Traversée de l’Atlantique : 1ère partie

Selon les modèles de vents, notre traversée devrait durer entre 14 et 20 jours. L’un des modèle prévoyait une quasi absence totale de vent au milieu mais nous avons préféré croire, dans un premier temps, l’autre modèle qui devait nous amener en moins de quatorze jours de l’autre côté et quasiment en ligne droite autour de la route orthodromique.
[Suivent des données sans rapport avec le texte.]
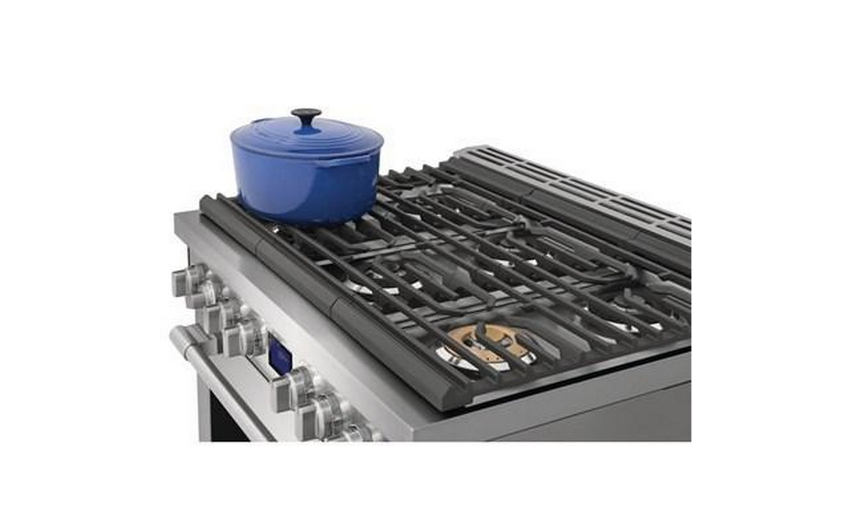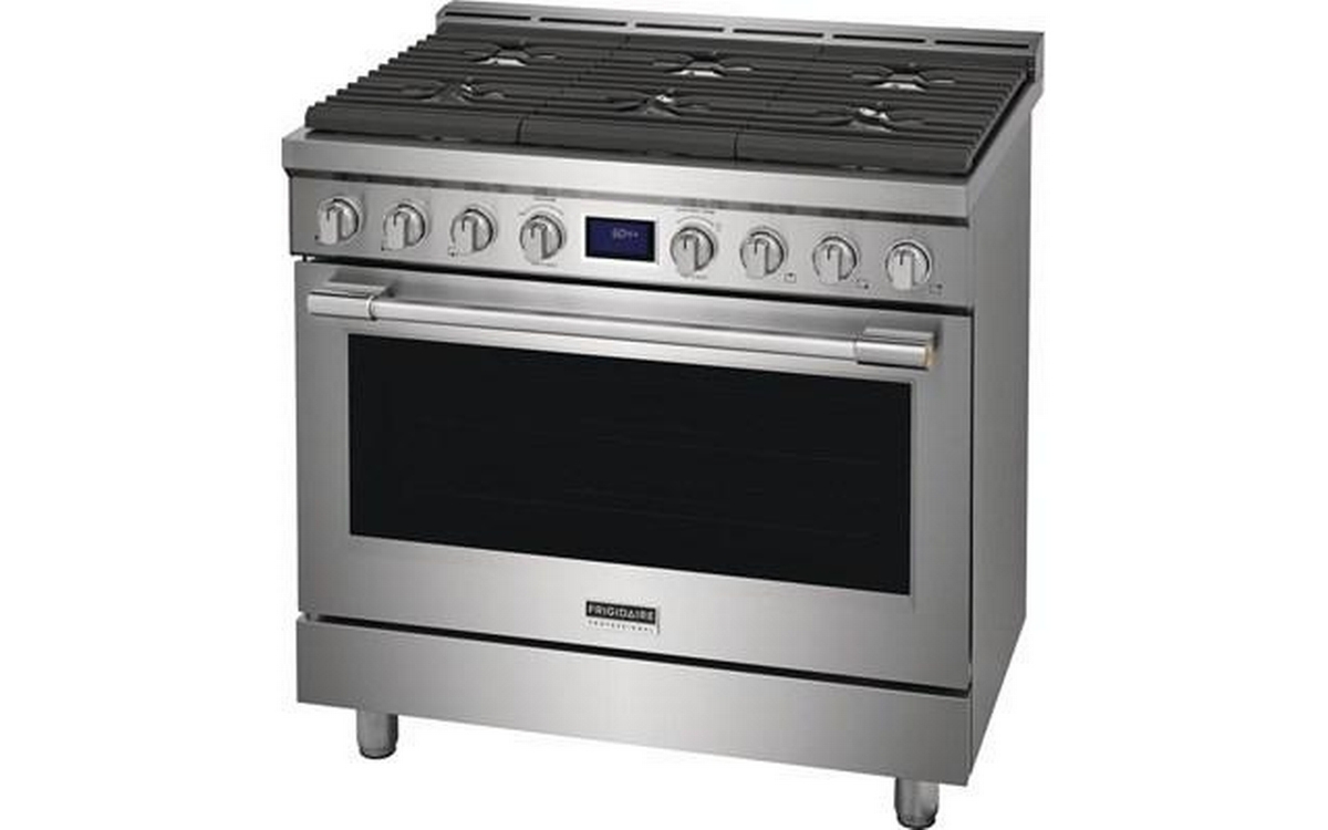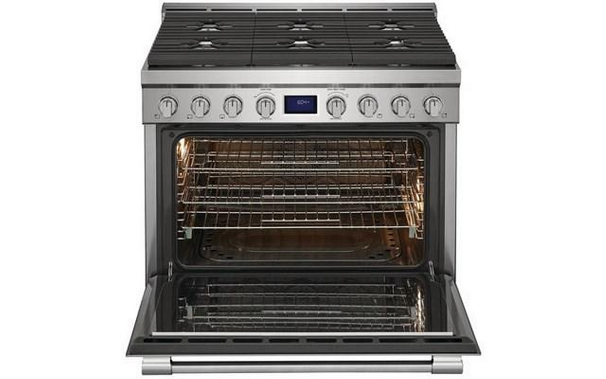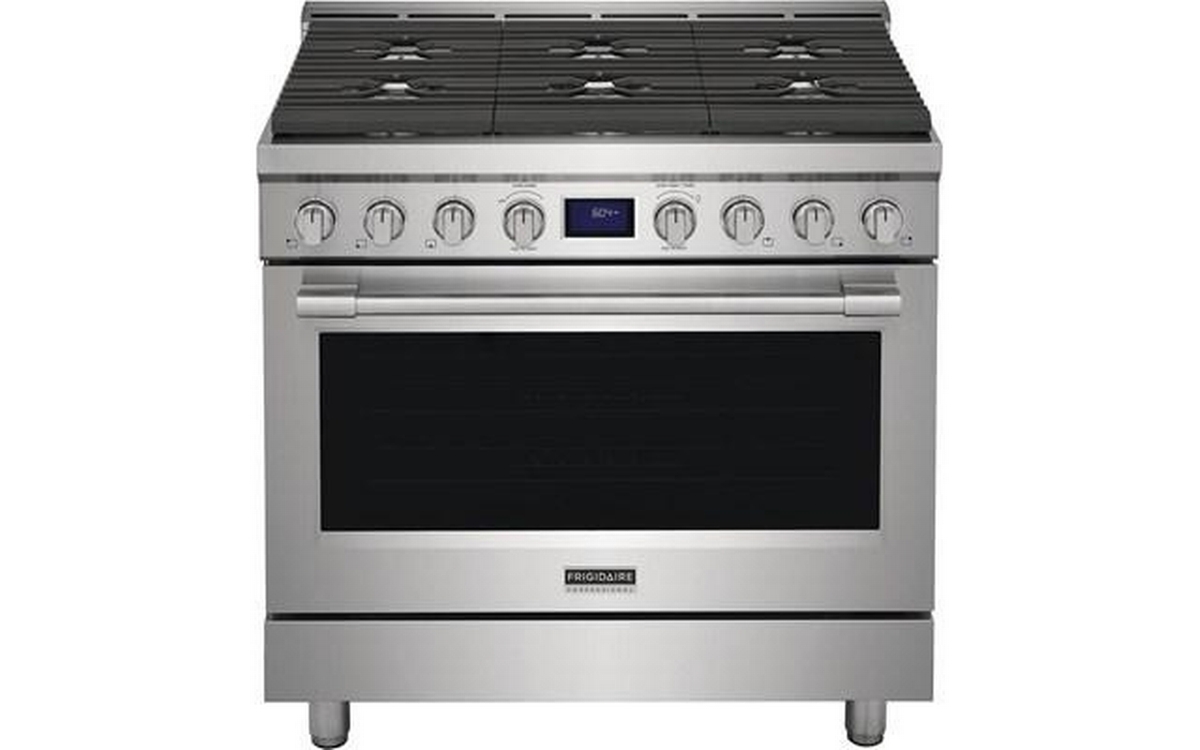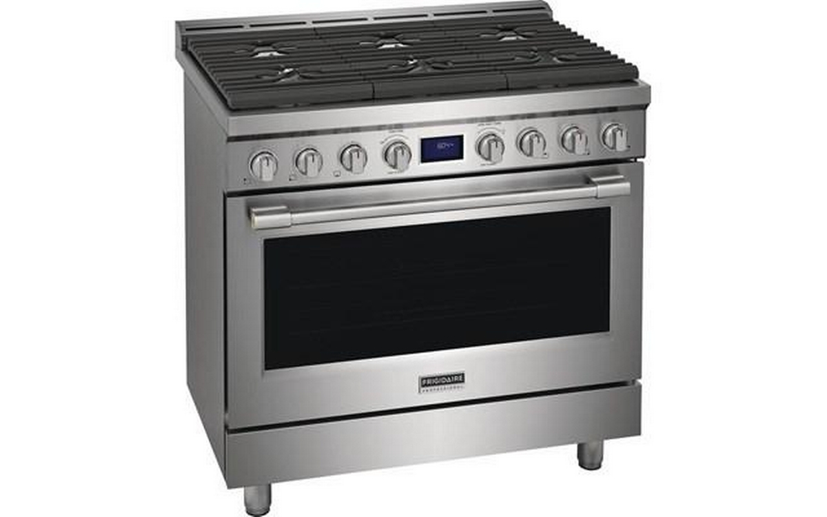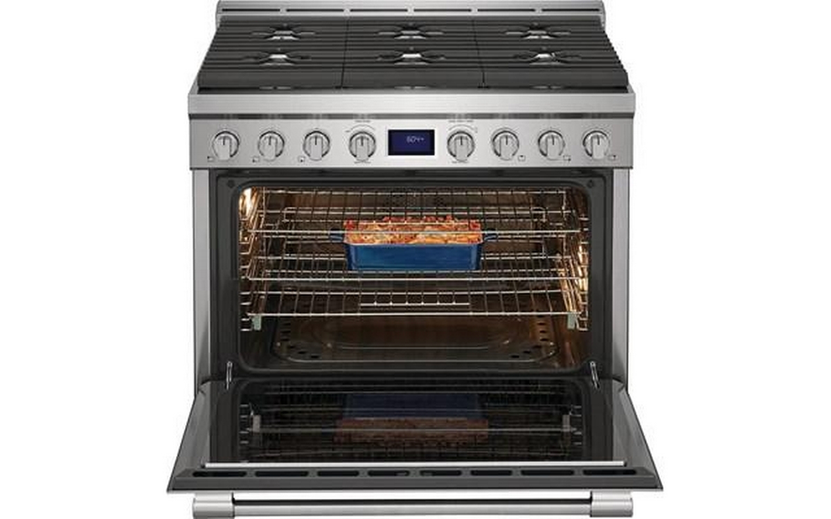 Frigidaire Professional 36-inch gas range feature True Convection Technology, 6 cooktop burners, temperature probe and a total oven capacity of 4.4 pi. cu.

La silhouette de Sao Vicente s’éloigne


Départ 13h45 le 24 décembre de la Marina de Mindelo, 8, 9 nœuds de vent, tranquille ! 16h, après une petite heure de traîne avec le leurre « rosoyant » neuf de Michel et Evy, une vraie poupée pieuvre Barbie, nous remontons notre première dorade coryphène : 70 cm, belle bête ! Juste ce qu’il faut pour notre réveillon de Noël ! Merci Félix du tuyau pour occire en douceur sans violence et avec respect la bête : à la place du rhum blanc de base préconisé, nous avons utilisé nos ressources du bord : le gin Gordon and Co, quasi intact, acheté l’an passé à Plymouth. 2 centilitres dans les ouïes et la gueule suffisent à calmer définitivement et instantanément la bête. Potion magique incroyable, il faut avoir tester pour y croire.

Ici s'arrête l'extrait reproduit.